4.4 Addendum to the Literature
What properties must be satisfied to obtain the desired result?
Under what conditions are these properties satisfied (with high probability)?
Chapter 5: Theory of L1 norm minimization with noise
Introduction.
The problem of recovering a sparse vector from a noisy linear observation.
Considering the observation noise and dealing with the case where the true vector is not strictly sparse
5.1 Problem Setup
Estimate an unknown high-dimensional vector w* from a linear observation with noise (above)

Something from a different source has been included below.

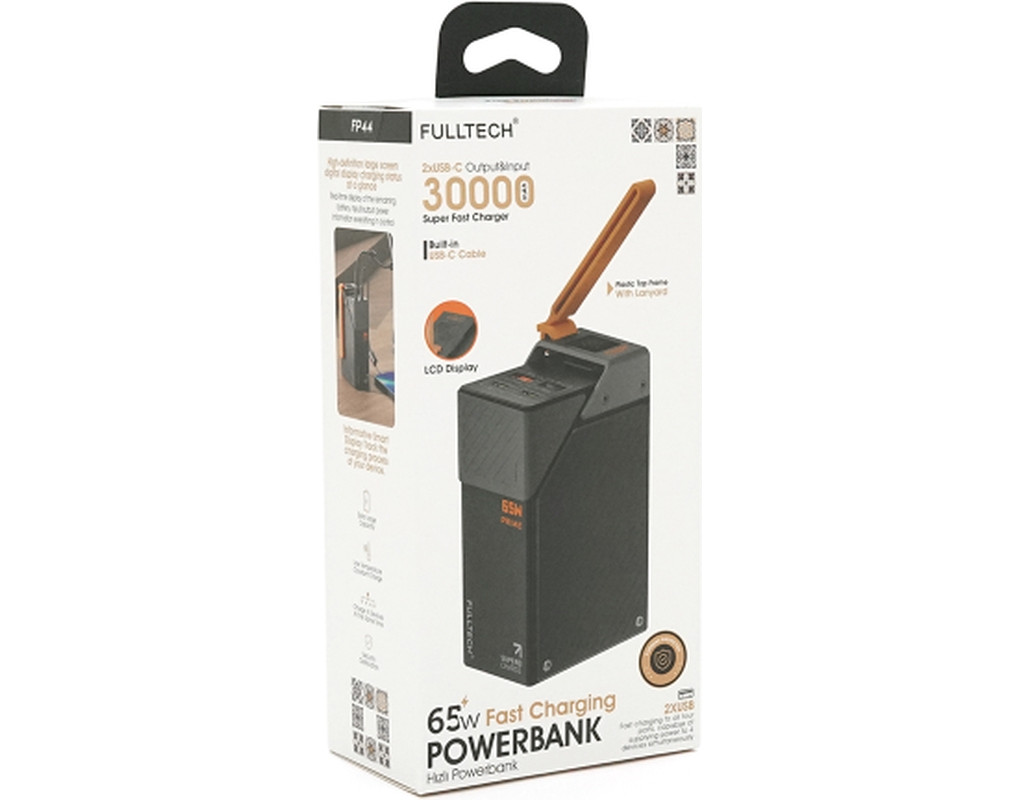 Зарядное устройство PowerBank FULLTECH PRIME 30000mAh для быстрой зарядки USB и Type-C Портативное зарядное устройство PowerBank FULLTECH PRIME 30000mAh – это мощный внешний источник питания, предназначенный для интенсивного ежедневного использования. Он объединяет высокую емкость, поддержку современных протоколов быстрой зарядки PD65W и 22.5W, универсальные порты USB и Type-C, а также удобную индикацию заряда на LED-дисплее. Такая конфигурация особенно подходит пользователям, активно путешествующим, работающим вне офиса, часто использующим ноутбук, смартфон, планшет и другие гаджеты без доступа к розетке. Модель разработана брендом FULLTECH PRIME, специализирующимся на портативной электронике и соблюдающим международные стандарты безопасности. PowerBank проходит многоуровневый контроль качества, производство на современных линиях в Китае позволяет сочетать надежность, стабильную работу и оптимальное соотношение габаритов к емкости. Благодаря этому вы получаете не просто дополнительную батарею, а продуманный инструмент для поддержания автономности всей вашей техники. Высокая емкость 30000mAh для максимальной автономности Емкость 30000mAh позволяет многократно заряжать смартфоны, наушники, смарт-часы и другие аксессуары, а также существенно продлить время работы планшетов и ноутбуков. В реальных условиях это означает несколько полных зарядок современного смартфона, возможность питать планшет в течение всего рабочего дня или поддерживать работу ультрабука во время путешествий, командировок или обучения. Такой запас энергии особенно полезен тем, кто часто бывает в пути: водителям, представителям выездных сервисных служб, фрилансерам, путешественникам, студентам и всем работающим с техникой вне офиса. Вы можете одновременно питать несколько устройств – например смартфон, наушники и экшн-камеру – не беспокоясь, что PowerBank быстро разрядится. Это позволяет планировать день без постоянного поиска розетки. Быстрая зарядка PD65W и 22.5W: экономия времени на каждой сессии зарядки PowerBank FULLTECH PRIME 30000mAh поддерживает технологию Power Delivery (PD) мощностью до 65 Вт через порт Type-C. Такой уровень мощности позволяет не только быстро подзаряжать смартфоны, но и эффективно питать совместимые ноутбуки, ультрабуки, планшеты и другие устройства с поддержкой PD. Для многих пользователей это реальная альтернатива сетевому адаптеру: в поезде, самолете или кафе можно зарядить ноутбук без доступа к стационарной розетке. Дополнительная поддержка быстрой зарядки 22.5W (рассчитана в частности на современные смартфоны и гаджеты с протоколами быстрой зарядки через USB) позволяет получить значительный процент заряда за короткое время. Для активных пользователей это важно: достаточно подключить телефон к PowerBank на 15–30 минут, чтобы снова иметь возможность общаться, работать или пользоваться навигацией. Оптимизированные алгоритмы распределения мощности между портами обеспечивают стабильную работу даже при одновременной зарядке нескольких устройств. PowerBank "общается" с подключенной техникой с помощью стандартов PD и скоростных протоколов, автоматически определяя оптимальные параметры тока и напряжения для безопасной и быстрой зарядки. Безопасная быстрая зарядка с многоуровневой защитой Реализация быстрой зарядки требует продуманных решений по части безопасности. FULLTECH PRIME использует современные элементы п

Assume that 𝝃i is a noise term and independent with mean 0 and variance σ2
Estimating the vector of regression coefficients w* based on ℓ1-norm regularization is a minimal problem as above
Lasso or basis pursuit denoting
Difference from noise-free model
Observed model includes noise term
Quantitatively evaluate the squared error ∥w-w*∥22 instead of the probability that w in a convex optimization problem exactly matches the true regression coefficient vector w*
Do not assume that the regression coefficient vector w* is strictly sparse
Assume that the observed noise 𝛏i follows a normal distribution
Easily inferior Gaussian noise (e.g. uniform distribution of emotions going on)
The estimator w will never exactly match the true regression coefficient vector w* because the observations contain noise
Analyze non-precursively how the error evolves as the number of samples n increases
To accommodate the case where w* is not strictly sparse, the upper bound on the error is the sum of the estimation error and the approximation error, as above for any k
Let ws* be the vector consisting only of the upper k coefficients of the absolute value of the true regression coefficient vector w*.
The vector consisting of the remaining coefficients is defined as ws*=w*-wsk*.
The estimation error term Eest is an increasing function of k
The approximation error term Eapprox is a decreasing function of k
Estimation error term
The quantity appearing in the numerator of the estimation error term gives an indication of the number of samples needed to achieve a constant error L
Even if the dimension d of the true regression coefficient vector w* is very large, as long as k is small, we only need a sample of the order of the logarithm of the dimension.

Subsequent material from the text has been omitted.